The execution plans afterwards looked like this:

OWNER    TABLENAME         STRATEGY                           PAGECOUNT
SAPXXX   /BIC/FMYCUBE      TABLE SCAN                                  1
                           COUNT OPTIMIZATION
         SHOW                RESULT IS COPIED, COSTVALUE IS            2
         SHOW              QUERYREWRITE - APPLIED RULES:
         SHOW                 DistinctPullUp                           1

and

OWNER    TABLENAME         STRATEGY                           PAGECOUNT
SAPXXX   /BIC/EMYCUBE      TABLE SCAN                            1194819
                           COUNT OPTIMIZATION
         SHOW                RESULT IS COPIED, COSTVALUE IS            2
         SHOW              QUERYREWRITE - APPLIED RULES:
         SHOW                 DistinctPullUp                           1

And the total runtime of the report went down to a few hours (there is other stuff in there that just takes some time).

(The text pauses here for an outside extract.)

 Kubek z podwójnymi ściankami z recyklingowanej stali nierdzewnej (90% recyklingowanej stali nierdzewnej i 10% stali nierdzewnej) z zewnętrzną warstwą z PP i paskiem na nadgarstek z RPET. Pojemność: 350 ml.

(Remark: important to understand for MaxDB execution plans is that only the COSTVALUE represents a optimizer estimation. All other PAGECOUNT values refer to the TOTAL number of pages the table or index of this specific line allocates in the database!)

If you look at the sap note with the correction, you'll find that it was a very small change that made the difference:

From this:

     IF sy-dbsys <> 'DB400'.
       APPEND g_v_tablnm_v TO g_t_tablnm.
     ELSE.
       APPEND g_v_tablnm_e TO g_t_tablnm.
       APPEND g_v_tablnm_f TO g_t_tablnm.


to this:

IF sy-dbsys = 'DB400' OR sy-dbsys = 'ADABAS D'.
       APPEND g_v_tablnm_e TO g_t_tablnm.
       APPEND g_v_tablnm_f TO g_t_tablnm.
     ELSE.
       APPEND g_v_tablnm_v TO g_t_tablnm.

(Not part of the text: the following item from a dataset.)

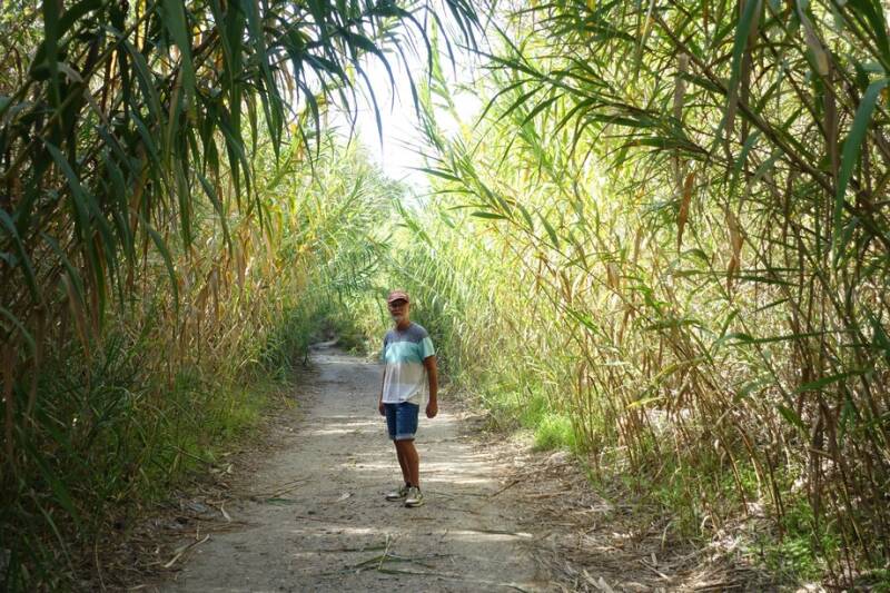Langs de route staan informatieborden over de begroeiing en het irrigatiesysteem dat hier en daar zichtbaar is. De amandelboompjes op het bord bloeiden mooi, die foto is waarschijnlijk in februari genomen.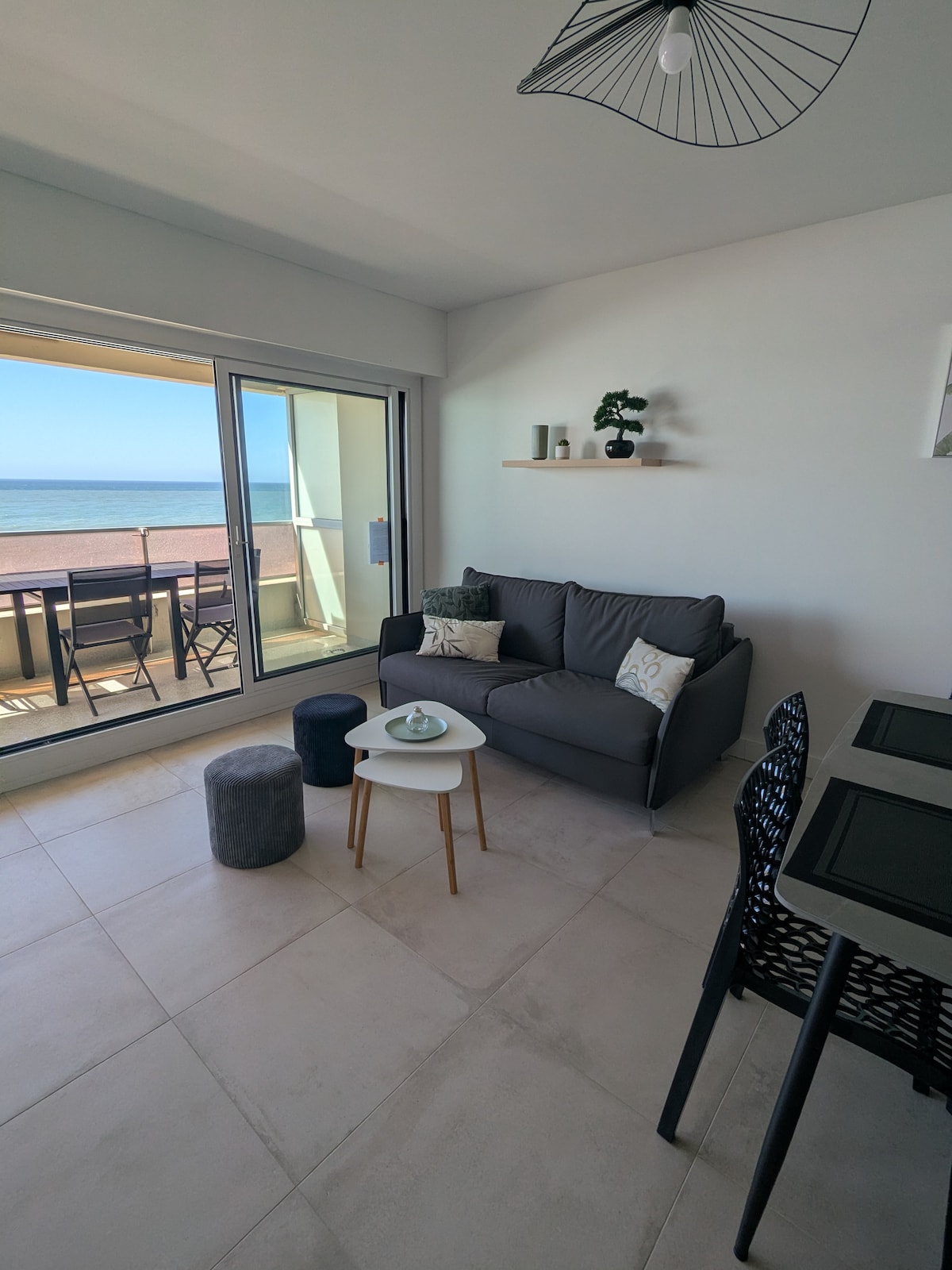 Mot sjøen: nyt et eksepsjonelt panorama. Fantastisk T2-leilighet (2/4 pers) renovert i 2024 – HØY KOMFORT. Stranden og sanddynen ligger rett utenfor leiligheten (ingen vei å krysse). Bemerkelsesverdig utsikt over havet og Île d'Yeu fra spiseområdet, loggiaen og til og med fra sengen på soverommet. Nyt solnedgangen sammen med din kjære, familie eller venner. Du har din egen lukkede garasje, ideell for bilen din og for å oppbevare sykler, tilhengere og strandleker.

Knock, knock, any data in there?

The second example is not only 'special' on the MaxDB port, but on all databases.
However, for MaxDB the effect was the worst, due to certain limitations of SQL optimization.

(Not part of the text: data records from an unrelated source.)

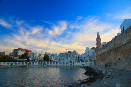 View of the bay of the tourist Italian village of Monopoli, with Bastione di Babula.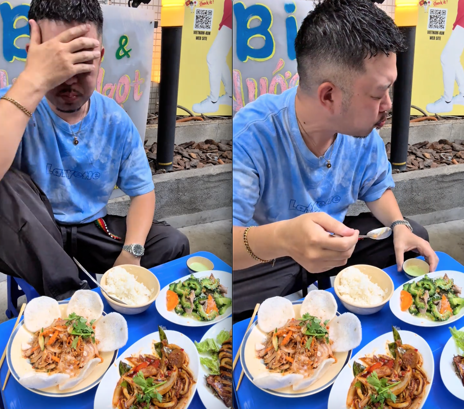 Thế nhưng điểm gây chú ý lại là biểu cảm của vị khách này: nhăn mặt, ôm đầu, nhắm mắt lại như đang chịu đựng một cơn đau đầu dữ dội. Nhưng không - đó là cảm xúc thật sự khi... quá ngon. Anh viết dòng chú thích khiến ai xem cũng bật cười: "Cảnh báo: Video này chứa lượng ngon vượt mức cho phép".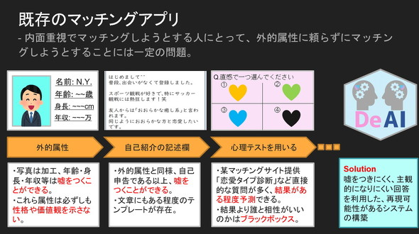 同队的其他成员表示,“价值观这种东西,很多人可能自己也说不怎么上来,因此可能存在有意无意的撒谎行为,如果是这样的话,匹配效果就会非常不理想”。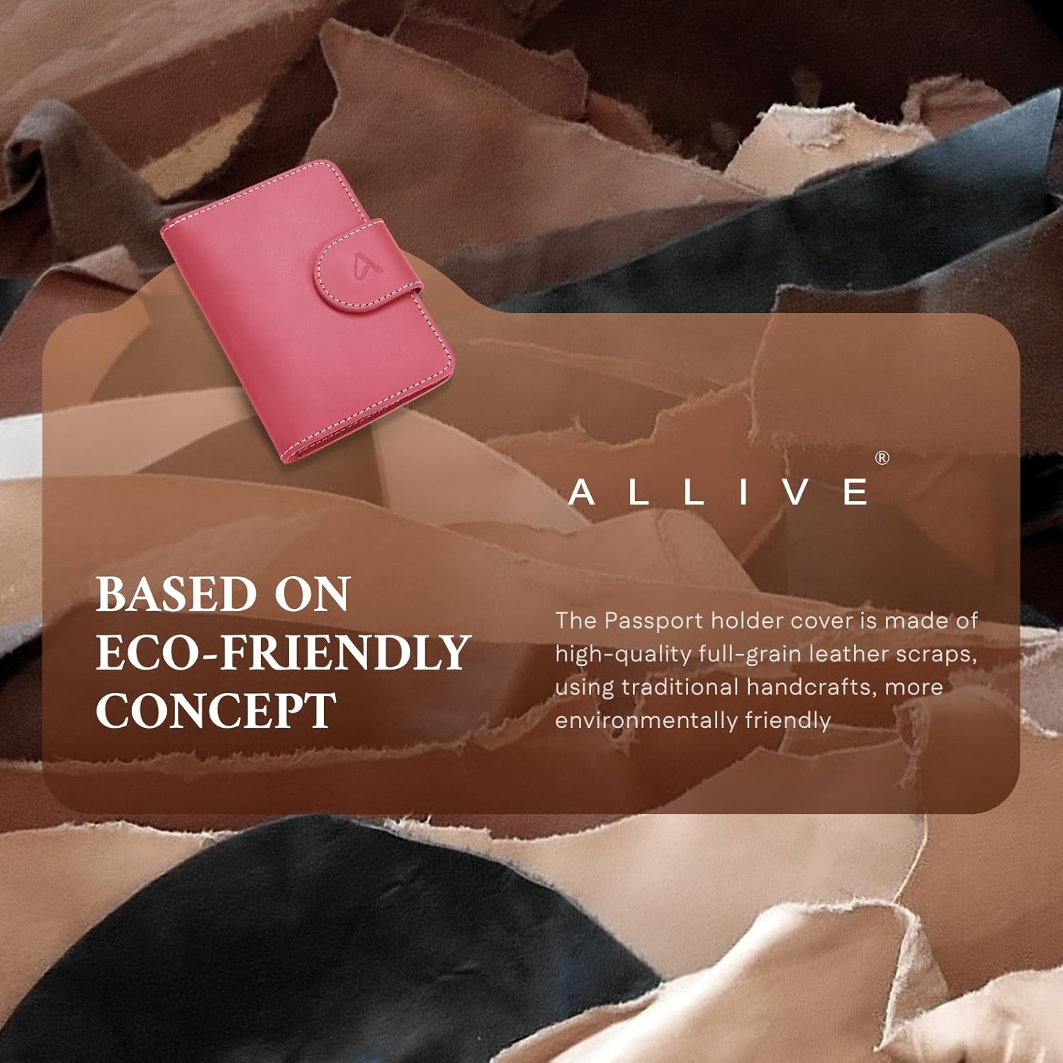 ALLIVE Rfid Passport Holder for Travel, Women, Rfid Passport Cover Wallet, Genuine Leather Passport Holder for Travel with AirTag Hidden, Airport Essentials, Travel Gifts (Rose Pink)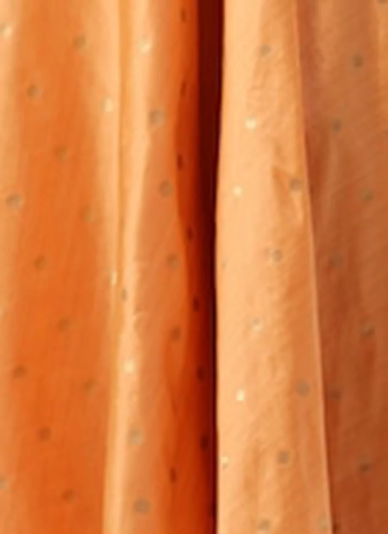 Peach Art Silk Jacquard Pleated Yoke Gown Wedding Wear
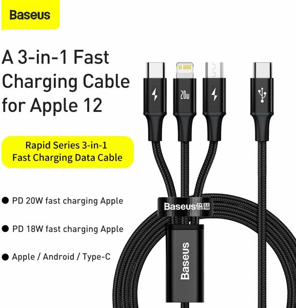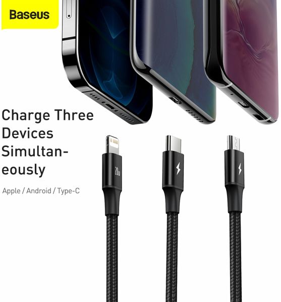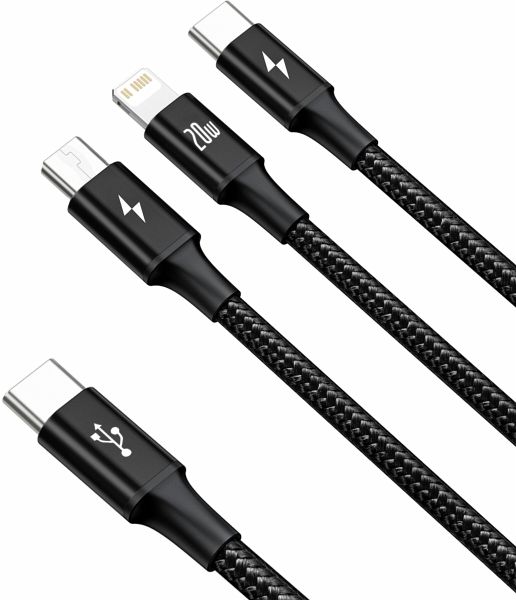Das Baseus Rapid Series 3-in-1 Kabel ist ein vielseitiges Schnellladekabel mit USB-C-Eingang und drei Ausgängen: Lightning, Micro-USB und USB-C. Es unterstützt Power Delivery mit bis zu 20 W und ermöglicht das gleichzeitige Laden von drei Geräten. Dank robuster Materialien wie geflochtenem Nylon und Aluminiumlegierung ist es besonders langlebig und widerstandsfähig.

SAP BW is a data warehouse and therfore a lot of the functionality is there to handle data, to store and move data and to get rid of data.
These tasks bring with them the necessity to sometimes drop a table and rebuild it, e.g. when you change an InfoObject-definition.

But before merely dropping tables,BW is cautios and asks"Hey, any data in this table?".
And indeed, there is a function module called RSDU_DATA_EXISTS_TABLE that answers this question.

Now, before proceeding, ask yourself: how would YOU try to answer this question in SQL?
A common first approach would be: count the number of rows in the table and if it's larger then 0 then there is some data in the table.
Correct!
But given the fact that counting the actual number of rows in a table really can takes ages (see the example above), this is the second worst idea to approach the issue (and I admit that it was also the first I thought up).

The worst idea I've seen so far, is what was actually implementd in the function module:

SELECT bname FROM usr01 CLIENT SPECIFIED UP TO 1 ROWS INTO :test
     WHERE EXISTS ( SELECT * FROM (i_tablnm) CLIENT SPECIFIED ).
  ENDSELECT.

Let's see if we can figure out, what this statement should do.
In english it means:

  • Give me the column BNAME
  • from the table USR01 for at most one row
  • for which the set of all rows in table I_TABLNM (this is the one we want to know of whether it's empty or not) contains something.

This is just amazing!

As you can imagine, MaxDB will first create a temporary result set for the exists clause (that is full table copy) and then returns just one row.
If the I_TABLNM table is not empty, this can easily become a similar problem as the example above.

Now, of course there is a much better way to do this.
If you think about it, all we want is a YES (there's data in there) or a NO (nope, all empty) and this can be done as well as SAP note #1542839 - "Performance Optimization in RSDU_DATA_EXISTS_TABLE_ADA" nicely demonstrates:

SELECT 'X' FROM (i_tablnm) WHERE ROWNUM <= 1

This means: "Database, go and get me an X for the first row that you hit in the table and stop afterwards!"
Regardless how you process this statement, in the worst case it will end after a few (1-4) page visits.
The database may even use a index-only strategy, since NO data from the table needs to be fetched (just a constant).

There are of course similar examples for other DBMS as well, but for the sake of a digestable blog post size, I'll save them for later posts.